Roscommon County Councillor
- Incumbent
- Assumed office 23 May 2014
- Constituency: Roscommon

Personal details
- Party: Independent Ireland (since 2024)
- Other political affiliations: Independent (2014–2024)
- Gaelic games career
- Born: County Roscommon
- Height: 6 ft 0 in (183 cm)
- Sport: Gaelic football
- Position: Corner forward

Club
- Years: Club
- Castlerea St Kevin's

Club titles
- Roscommon titles: 3

Inter-county
- Years: County / Apps (scores)
- 1994–2005: Roscommon / 58 (9–89)

Inter-county titles
- Connacht titles: 1

= Nigel Dineen =

Roscommon Gaelic footballer

Nigel Dineen is an Irish politician and former Gaelic football manager and player who has served as a member of Roscommon County Council since June 2014. He played for the Castlerea St Kevin's club and at senior level for the Roscommon county team.

==Sports career==
===Playing career===
Dineen won three Roscommon Senior Football Championship titles while playing for Castlerea St Kevin's: in 2003, 2008 and 2009. Castlerea lost to Sligo in 2010.

===Managerial career===
In 2011, Dineen was appointed as manager of the Roscommon under-21 team for the 2012 season, having been a selector under the former management team. He led Roscommon to the Connacht Under-21 Football Championship title in his first year in the job and later to the All-Ireland Under-21 Football Championship final, where his side lost to Dublin.

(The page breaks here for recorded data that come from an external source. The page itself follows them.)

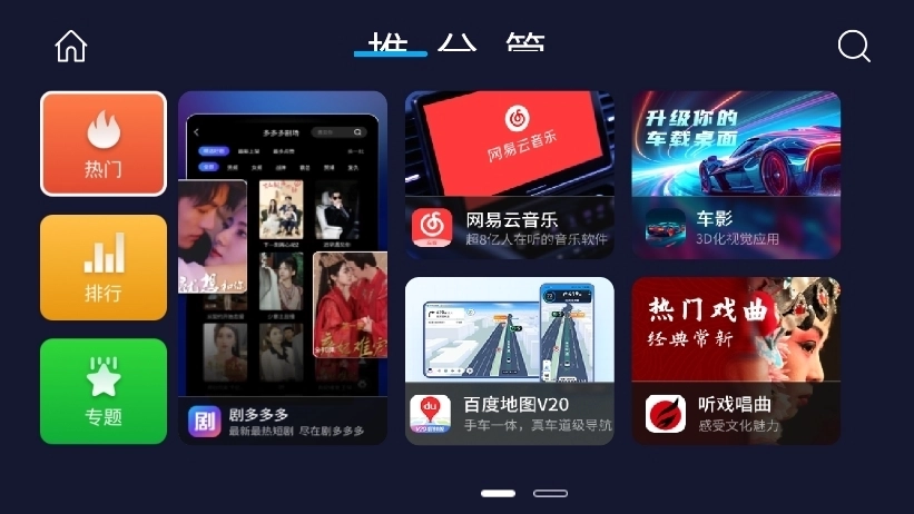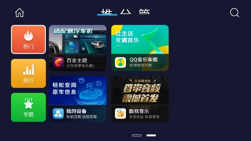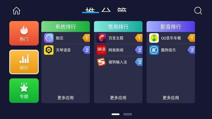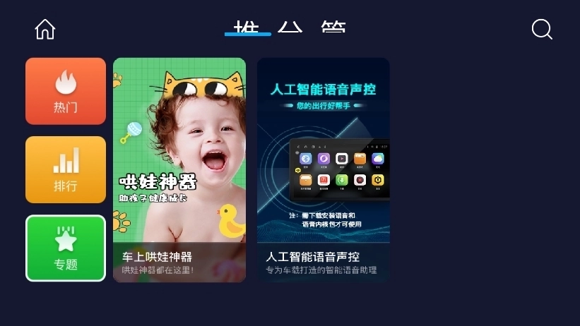 专题页面:点击导航栏中的“专题”按钮,即可进入专题页面。该页面汇聚了各类同类型应用,像“车上哄娃神器”“人工智能语音声控”等,能为用户带来更丰富的选择。
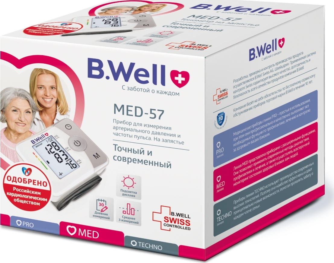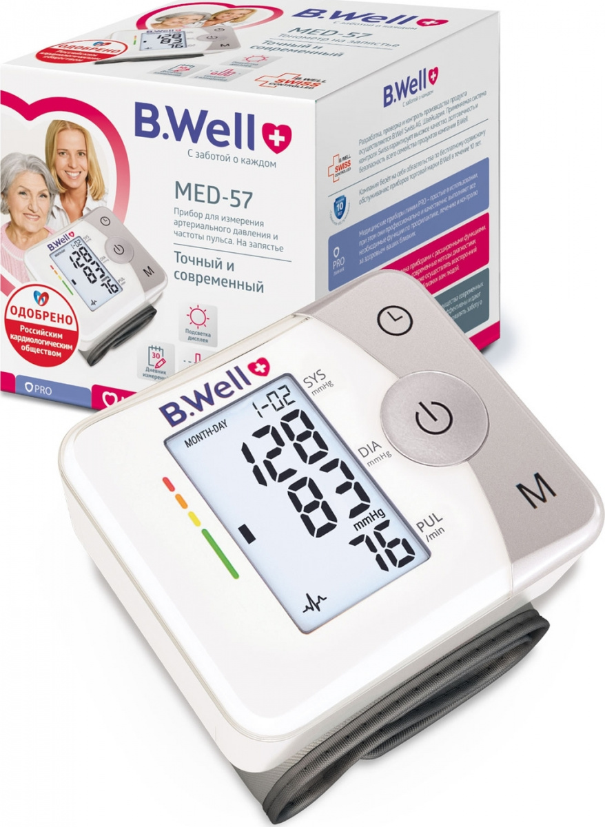 Тонометр B.Well MED-57 на запястье, подсветка дисплея, дневник измерений, индикатором аритмии, шкала давления
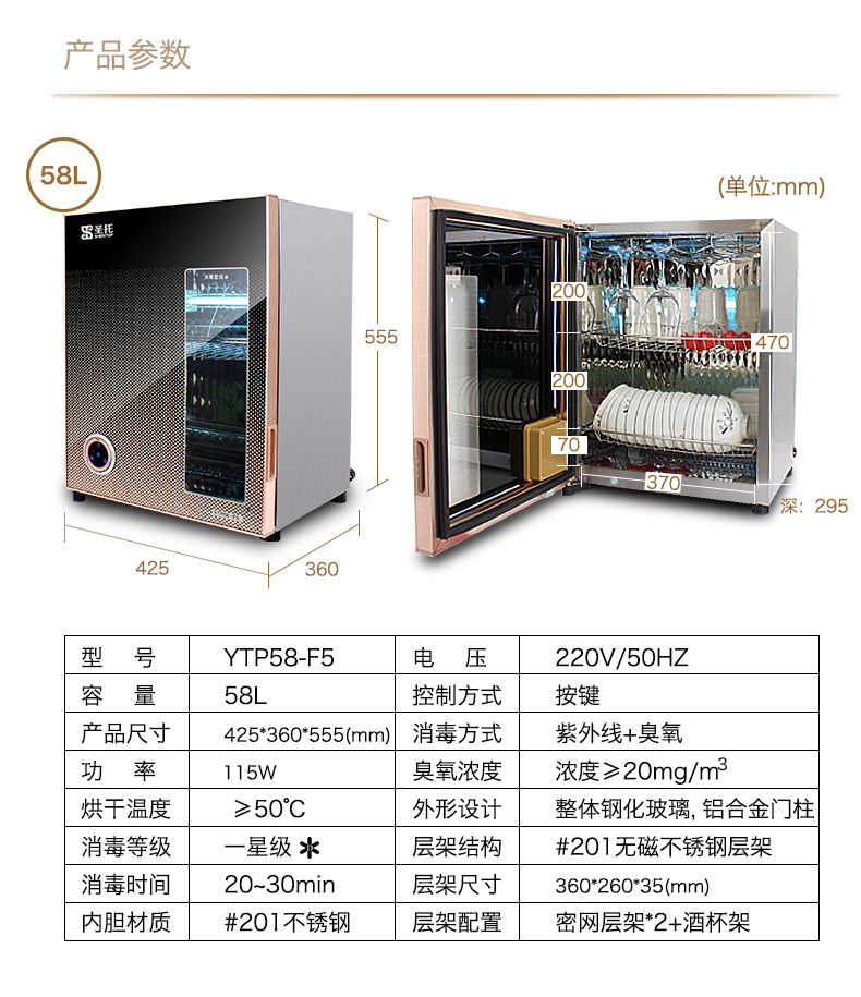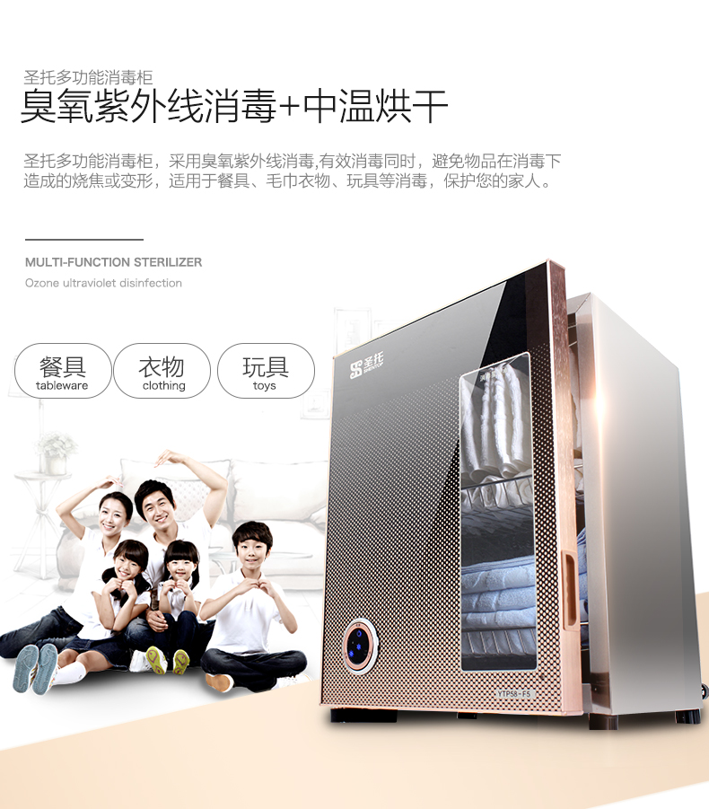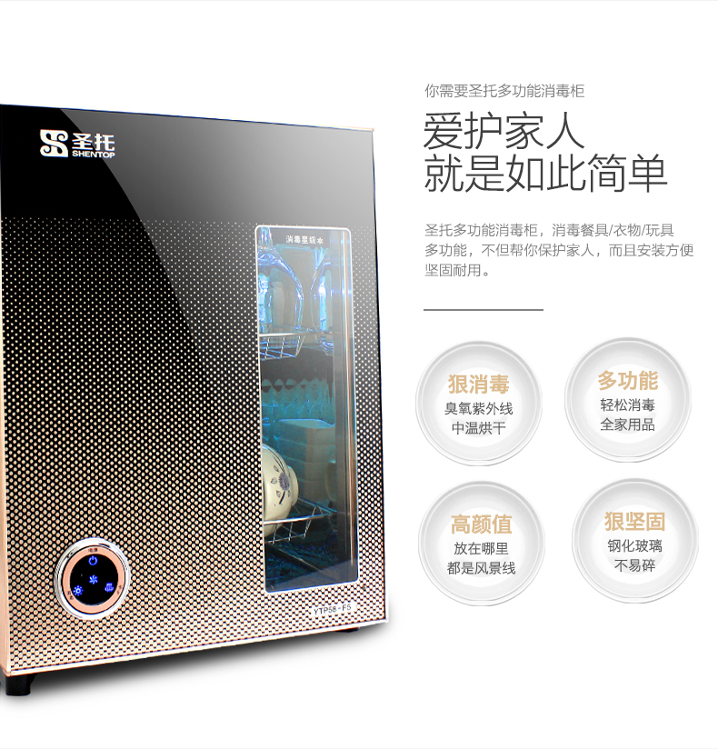 圣托(shentop)小型毛巾消毒柜单据纸币立式消毒柜家用儿童衣服内衣玩具 办公室迷你茶杯茶具杯 多功能消毒柜(YTP58-F5) 混色
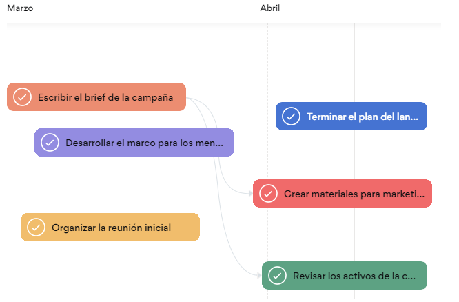 Funciona mejor trabajar hacia atrás para crear tu línea de tiempo. Comienza desde la fecha de publicación final de tu contenido y asegúrate de añadir fechas específicas a todos los pasos del proceso. Esto permite que cada miembro del equipo sepa cuándo debe entregar su parte.
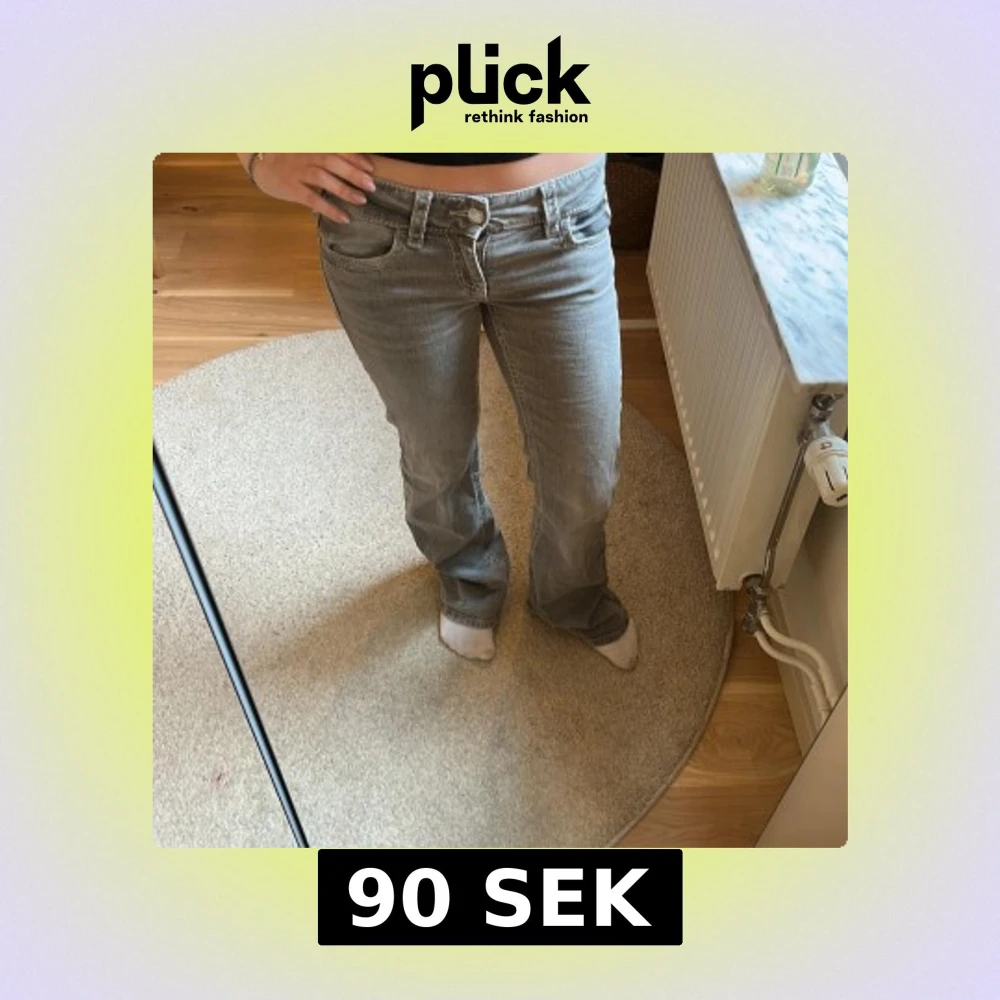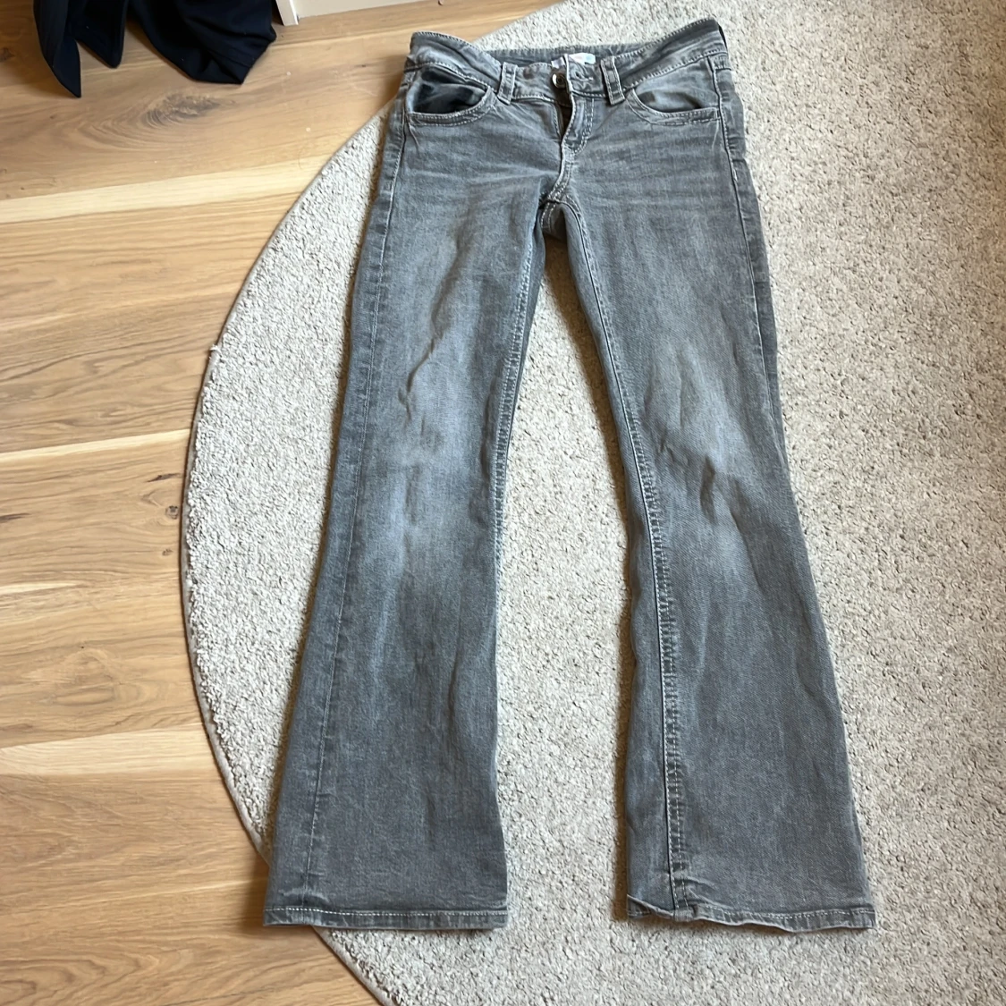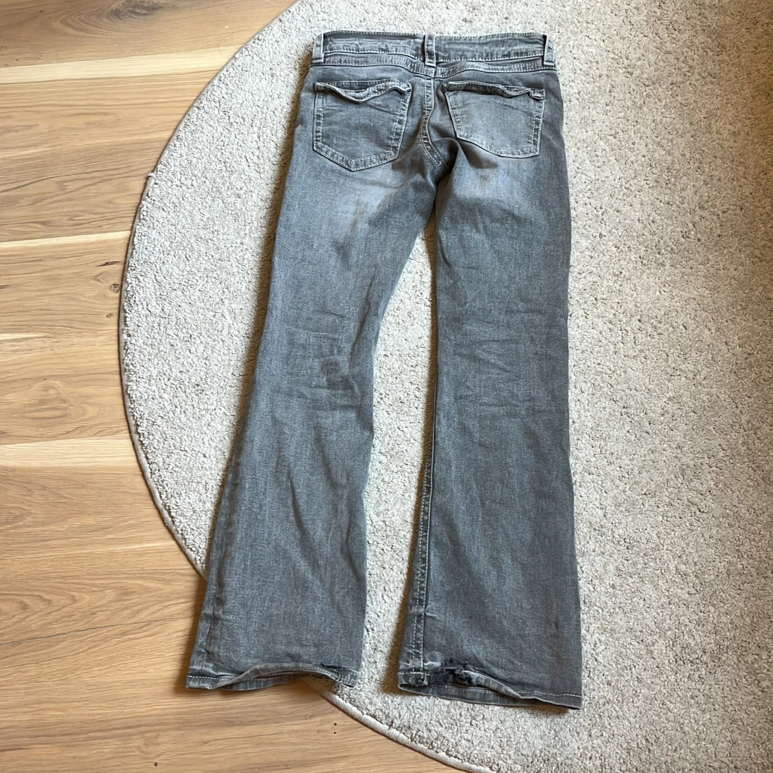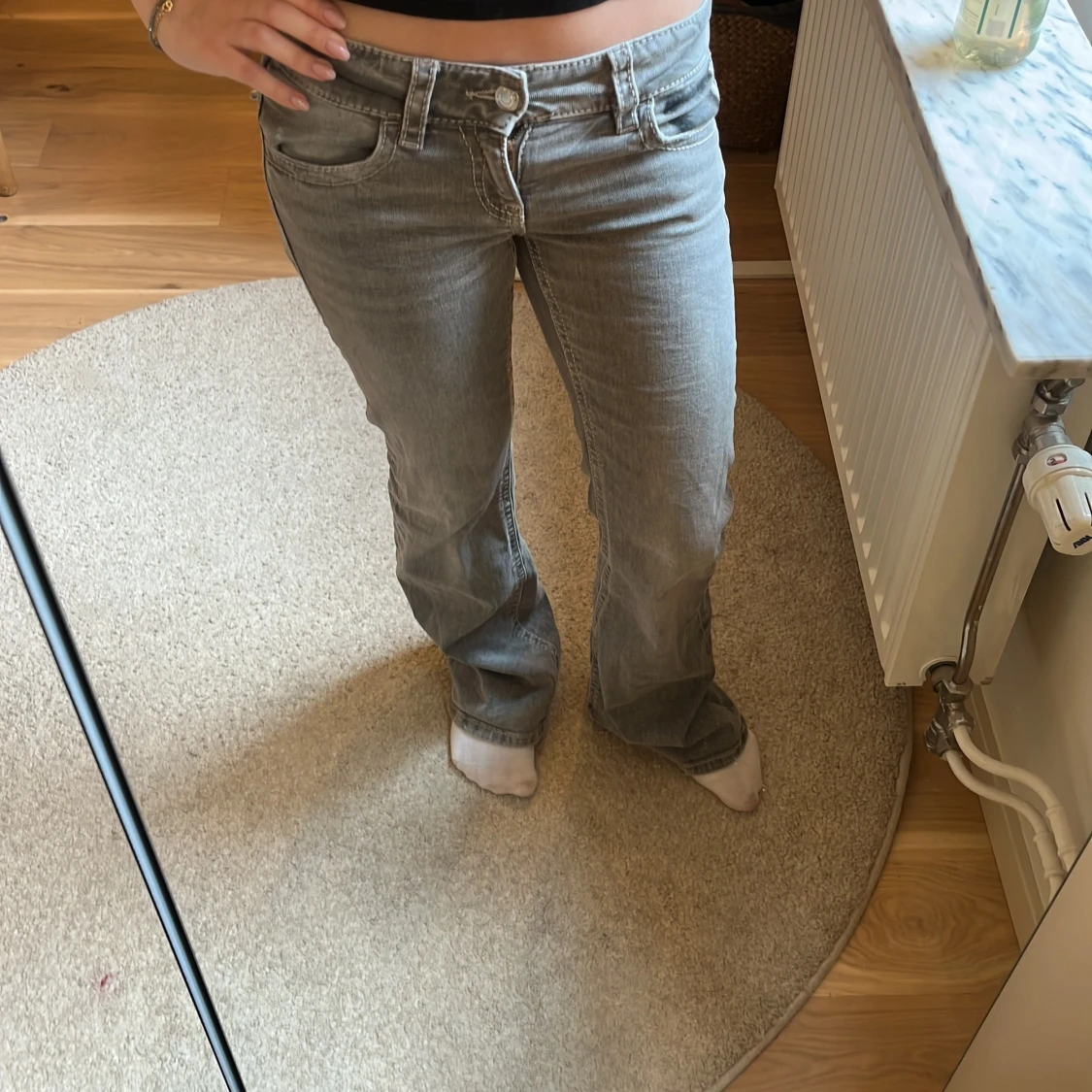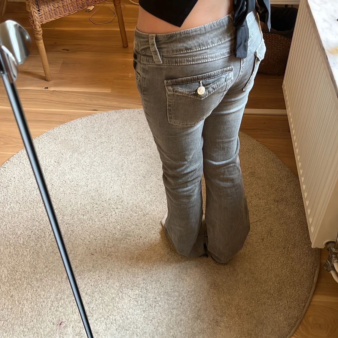 Säljer ett par grå bootcut jeans med låg midja och klassiska fem fickor. Jeansen har en snygg tvätt och stängs med dragkedja och knapp. Perfekta för dig som gillar en retro vibe och vill ha ett par jeans som sticker ut lite.

Dineen challenged Kevin McStay for the Roscommon senior management role ahead of the 2017 season, but pulled out a month later, stating that he had "strong reservations about the integrity of the selection and recruitment process".

==Political career==
In June 2014, Dineen was elected to Roscommon County Council as an independent. In 2024, Dineen joined the Independent Ireland party.